▸ **REQUIREMENT**
Using the data below, output a verbatim copy of the lines between the one holding "26. ※記載の商標・登録商標は各権利者に帰属します ハードウェアのとてつもない進化" and the one holding "10. 有一个正方体,将它的", inclusive, without any pictures.

──────── MATERIAL PROVIDED

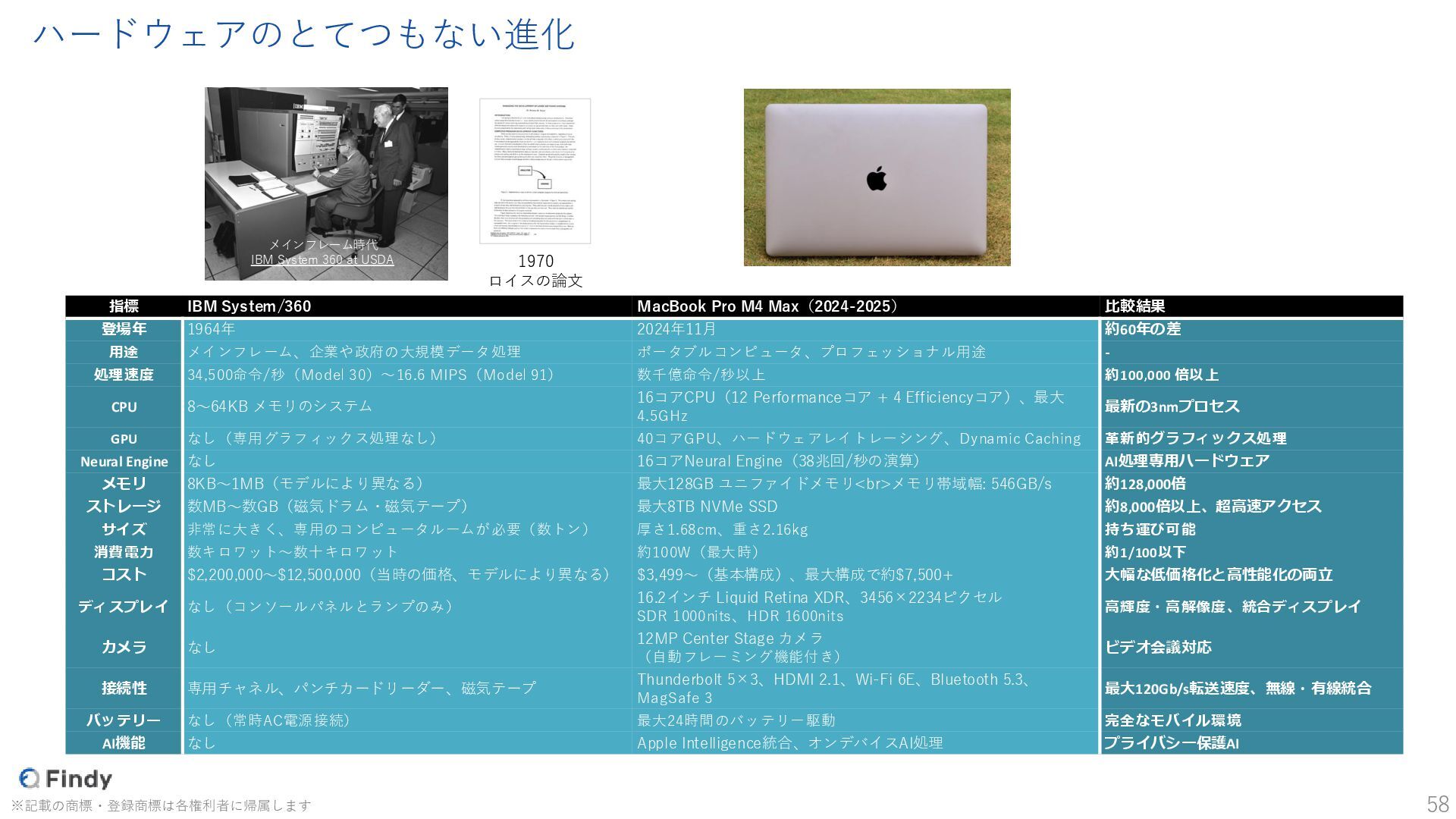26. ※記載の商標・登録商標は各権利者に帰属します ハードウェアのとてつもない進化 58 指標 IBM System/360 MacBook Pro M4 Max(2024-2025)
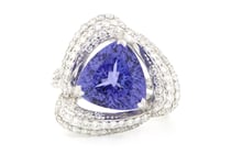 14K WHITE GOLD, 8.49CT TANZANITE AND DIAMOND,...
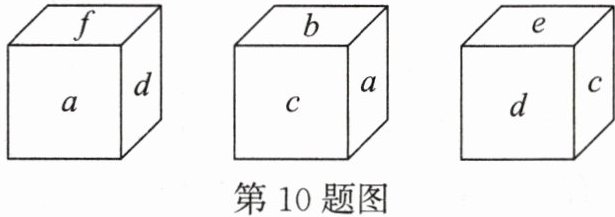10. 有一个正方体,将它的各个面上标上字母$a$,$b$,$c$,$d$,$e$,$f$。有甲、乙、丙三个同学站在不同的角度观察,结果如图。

────────────────
──────── MATERIAL PROVIDED

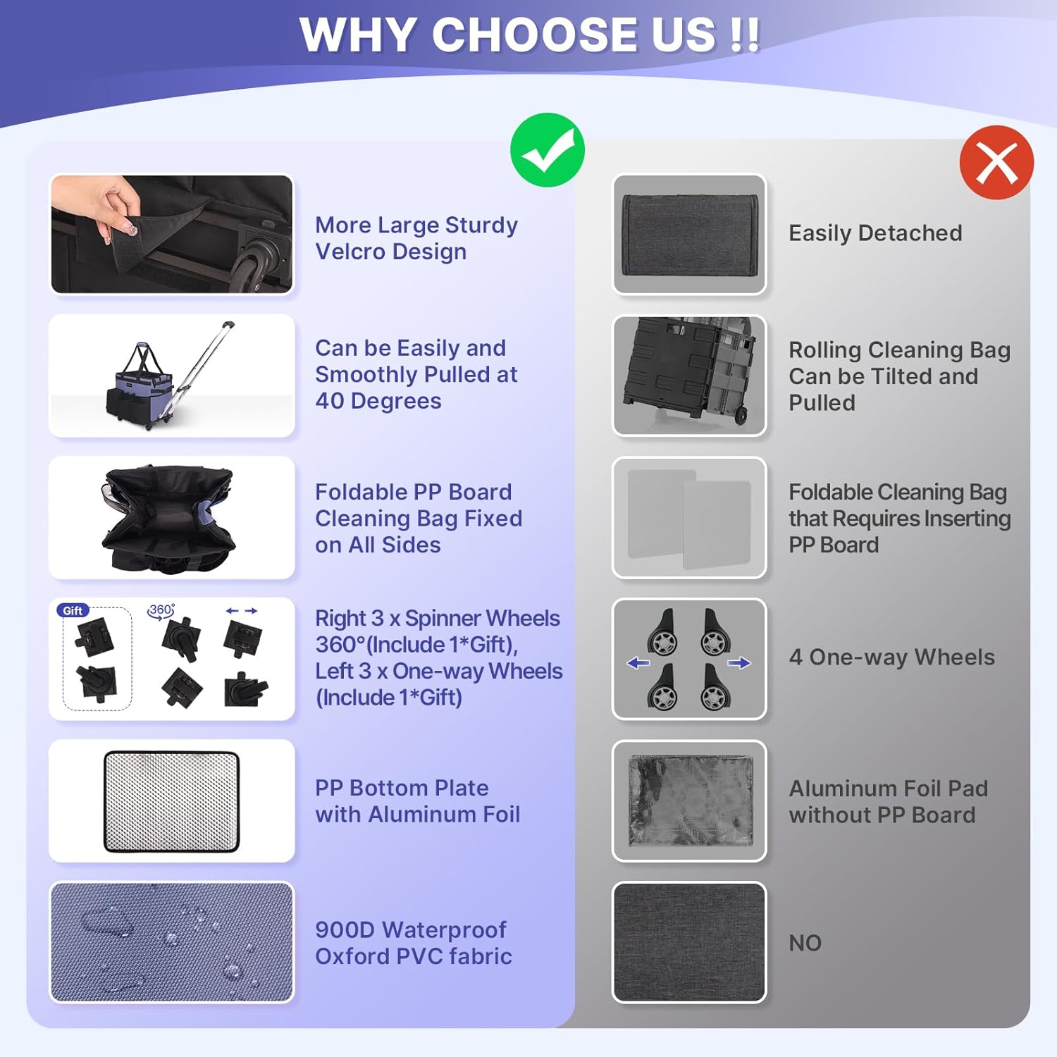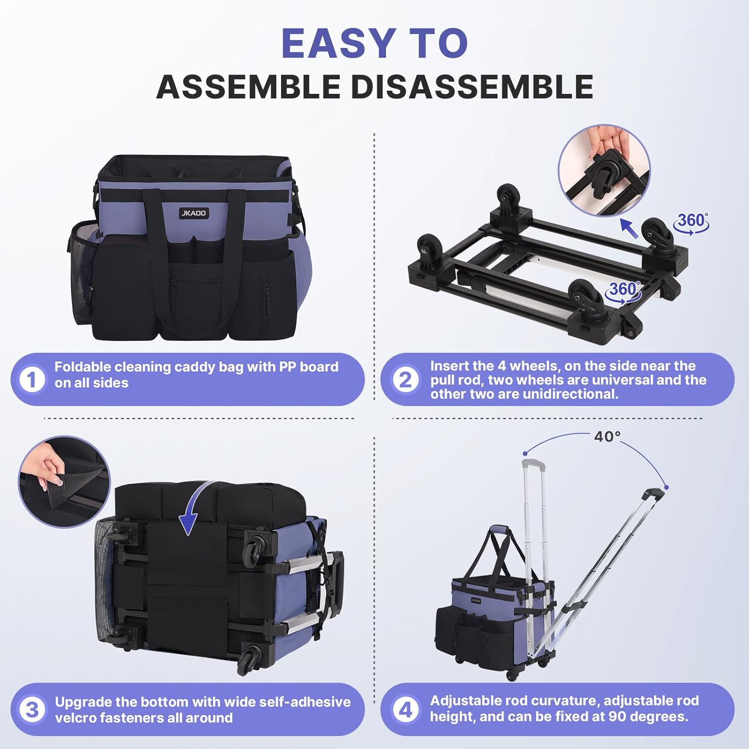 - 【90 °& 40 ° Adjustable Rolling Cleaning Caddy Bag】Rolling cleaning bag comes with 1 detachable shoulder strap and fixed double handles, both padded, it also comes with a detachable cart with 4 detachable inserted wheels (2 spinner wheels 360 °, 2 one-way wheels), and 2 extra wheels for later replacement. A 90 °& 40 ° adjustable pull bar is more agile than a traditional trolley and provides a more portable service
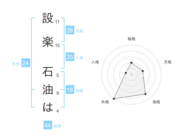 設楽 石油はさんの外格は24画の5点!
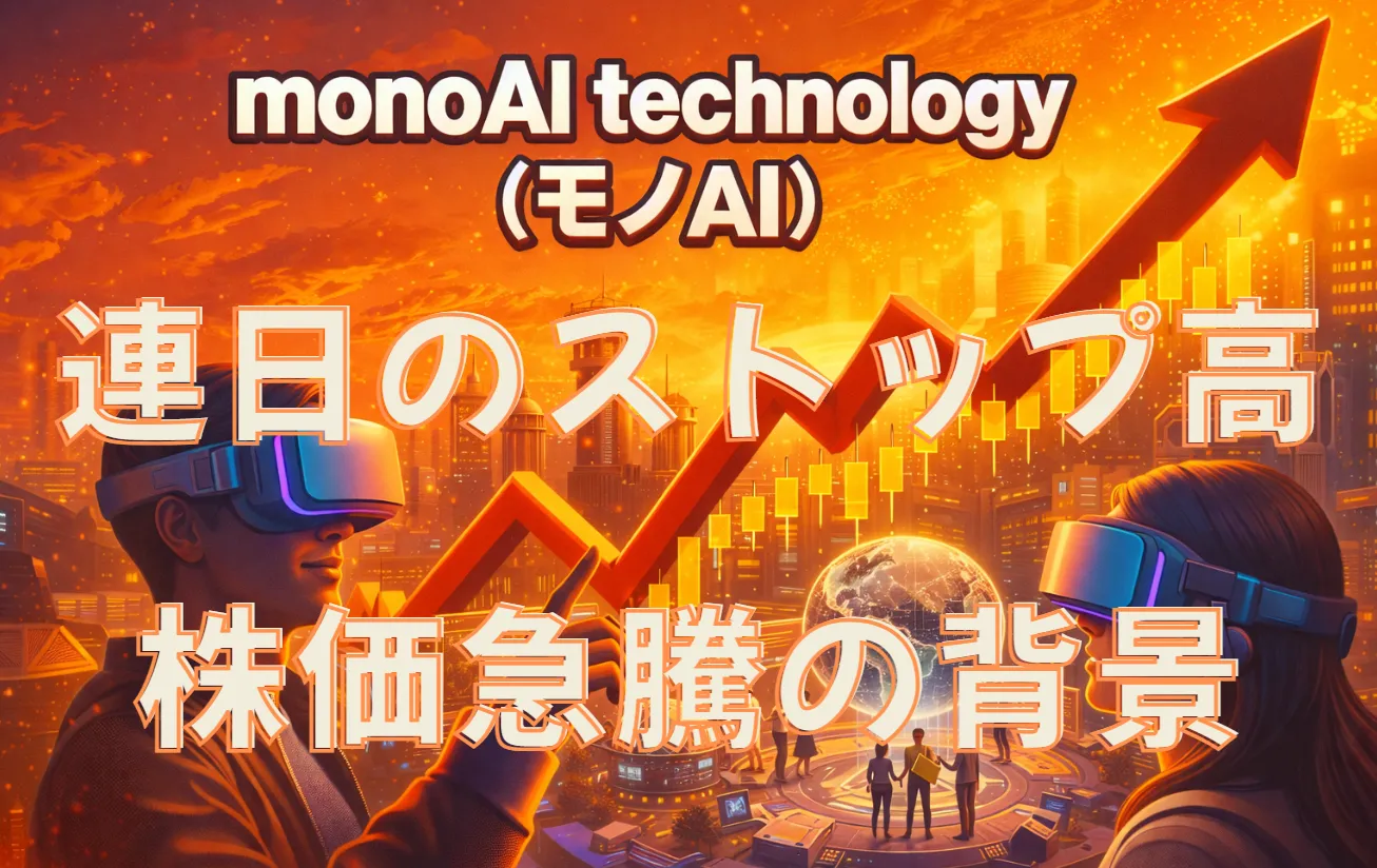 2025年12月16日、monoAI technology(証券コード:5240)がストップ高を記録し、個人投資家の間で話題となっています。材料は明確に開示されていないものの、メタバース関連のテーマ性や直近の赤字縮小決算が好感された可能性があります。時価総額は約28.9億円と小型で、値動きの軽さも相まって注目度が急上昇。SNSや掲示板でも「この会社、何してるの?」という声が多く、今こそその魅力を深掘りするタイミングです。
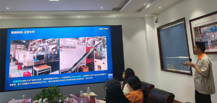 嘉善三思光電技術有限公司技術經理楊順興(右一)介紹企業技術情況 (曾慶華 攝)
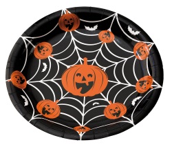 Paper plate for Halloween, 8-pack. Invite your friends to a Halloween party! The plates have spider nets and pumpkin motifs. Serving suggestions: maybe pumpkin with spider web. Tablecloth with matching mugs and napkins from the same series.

────────────────

▸ **EXERCISE OUTPUT**
26. ※記載の商標・登録商標は各権利者に帰属します ハードウェアのとてつもない進化 58 指標 IBM System/360 MacBook Pro M4 Max(2024-2025)
 14K WHITE GOLD, 8.49CT TANZANITE AND DIAMOND,...
10. 有一个正方体,将它的各个面上标上字母$a$,$b$,$c$,$d$,$e$,$f$。有甲、乙、丙三个同学站在不同的角度观察,结果如图。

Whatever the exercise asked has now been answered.